No dia seguinte, acordei com a casa cheia de vozes. A minha irmã gritava ao telefone com o Pedro, a minha mãe discutia com o meu irmão sobre quem ia ao supermercado. O Rui já tinha saído cedo, sem sequer me dar um beijo de despedida. Senti uma raiva surda a crescer dentro de mim.
— Chega! — gritei, surpreendendo-me com a força da minha voz. Todos pararam. — Chega! Isto não é um hotel! Eu não sou empregada de ninguém!
A minha mãe olhou para mim como se eu tivesse enlouquecido. — Mariana, o que é que te deu?
— O que me deu? Estou cansada! Estou farta de ser sempre eu a resolver tudo! Esta casa é minha e do Rui! Não posso continuar assim!
A minha irmã começou a chorar. O meu irmão encolheu os ombros. A minha mãe ficou calada, coisa rara. Senti-me culpada, mas também aliviada. Pela primeira vez, disse o que sentia, sem medo de magoar.
Nesse dia, pedi a todos que arranjassem alternativas. Dei uma semana à minha irmã para procurar um quarto. Disse à minha mãe que precisava de espaço para o meu casamento. Pedi ao meu irmão que procurasse trabalho e casa. Até à Sofia mandei uma mensagem: “Preciso de tempo para mim.”
O Rui chegou a casa e encontrou-me sentada na sala, a chorar. Sentou-se ao meu lado e abraçou-me. — Já devias ter feito isto há muito tempo, Mariana.
Os dias seguintes foram um misto de culpa e alívio. A casa ficou mais silenciosa, mas também mais leve. O Rui e eu começámos a conversar outra vez, a jantar juntos, a rir. Senti-me a recuperar pedaços de mim que julgava perdidos.
Claro que nem tudo foi fácil. A minha mãe deixou de me ligar durante semanas. A minha irmã mandou-me mensagens cheias de mágoa. O meu irmão disse que eu era egoísta. Até a Sofia se afastou.
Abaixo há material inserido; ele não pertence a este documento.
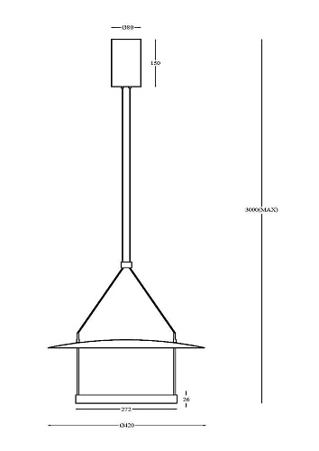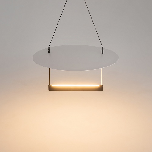 Арматура из алюминия, цвет - черный. Круглый и плоский металлический плафон, цвет - белый. Эффект отраженного и рассеянного света для основного освещения. Два диаметра рассеивателя. Регулируемая длина проводов - 3 метра. LED-источник света. Цветовая температура 3000К.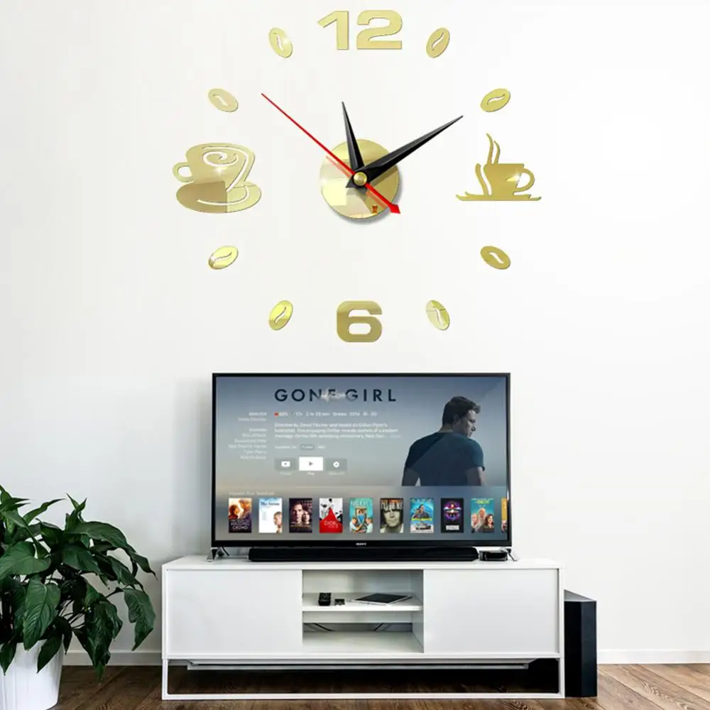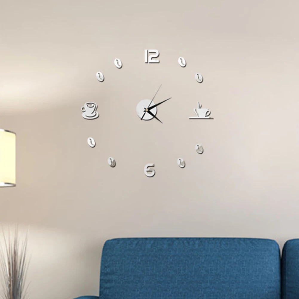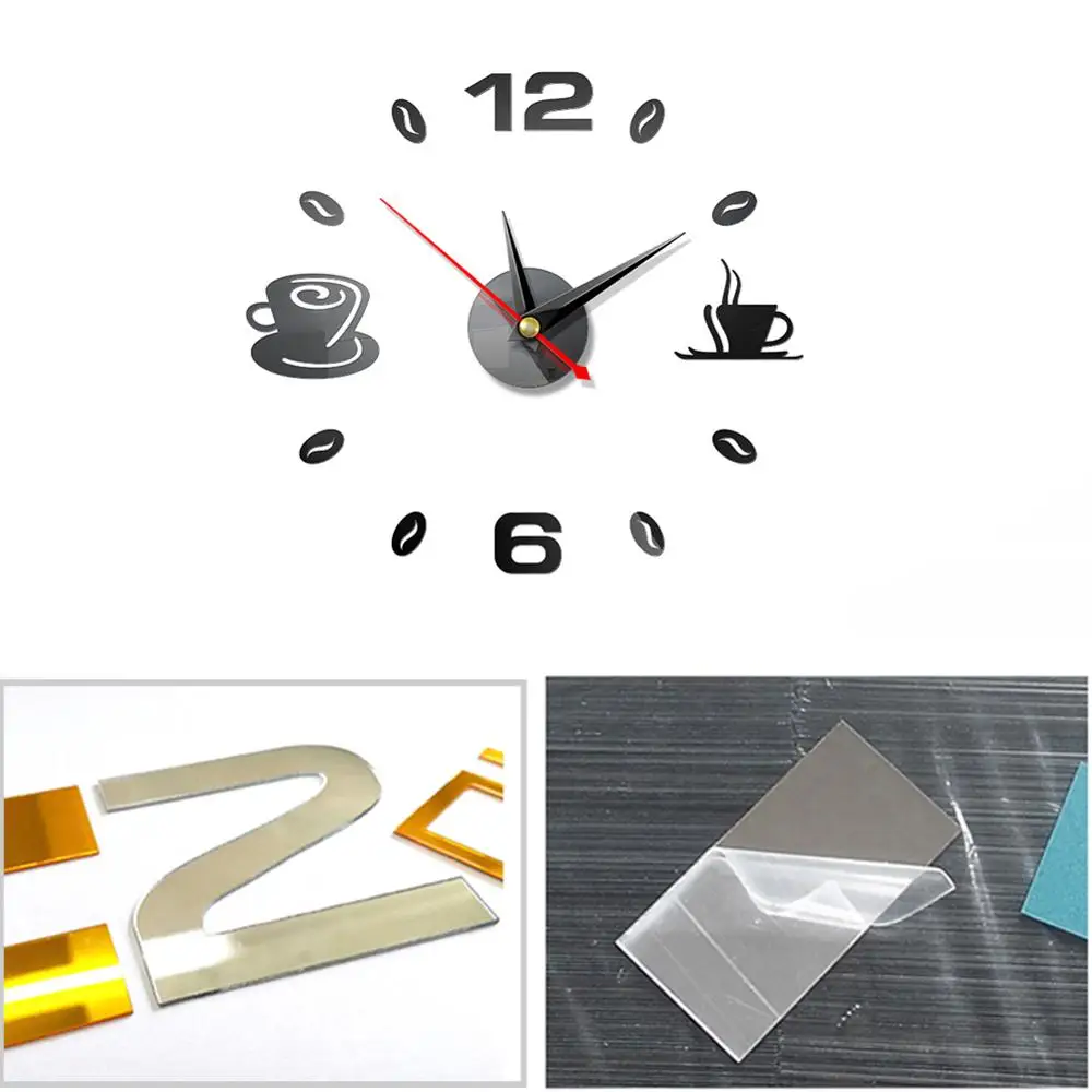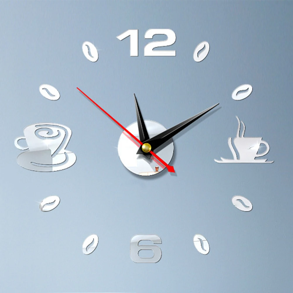 Зеркальные часы 3D, настенные часы сделай сам для кофе, на клейкой основе, бесшумные акриловые, аналоговые, для кухни, домашнего декора

Mas, pela primeira vez, percebi que o meu bem-estar não podia depender da aprovação dos outros.
Comecei a fazer pequenas coisas por mim: caminhar na praia, ler um livro inteiro sem interrupções, cozinhar só para dois. Redescobri o prazer do silêncio, da rotina, da intimidade. O Rui e eu fomos passar um fim de semana ao Alentejo, coisa que não fazíamos há anos. Sentámo-nos à mesa de um restaurante, de mãos dadas, e ele disse-me: — Gosto de ti assim, Mariana. Finalmente estás a cuidar de ti.
Aos poucos, a família foi aceitando. A minha mãe arranjou um grupo de amigas para desabafar. A minha irmã encontrou um quarto e começou terapia. O meu irmão arranjou um trabalho numa pastelaria. Até a Sofia, depois de algum tempo, percebeu que também precisava de pôr limites na vida dela.
Hoje, olho para trás e vejo o quanto me anulei para agradar aos outros. Percebo que dizer não não é falta de amor — é amor-próprio. Ainda sinto culpa, às vezes. Mas aprendi que o meu espaço, o meu tempo e a minha paz são preciosos.
Pergunto-me: quantas de nós, mulheres portuguesas, crescemos a acreditar que temos de carregar o mundo às costas? E até quando vamos continuar a esquecer-nos de nós próprias para não desiludir ninguém?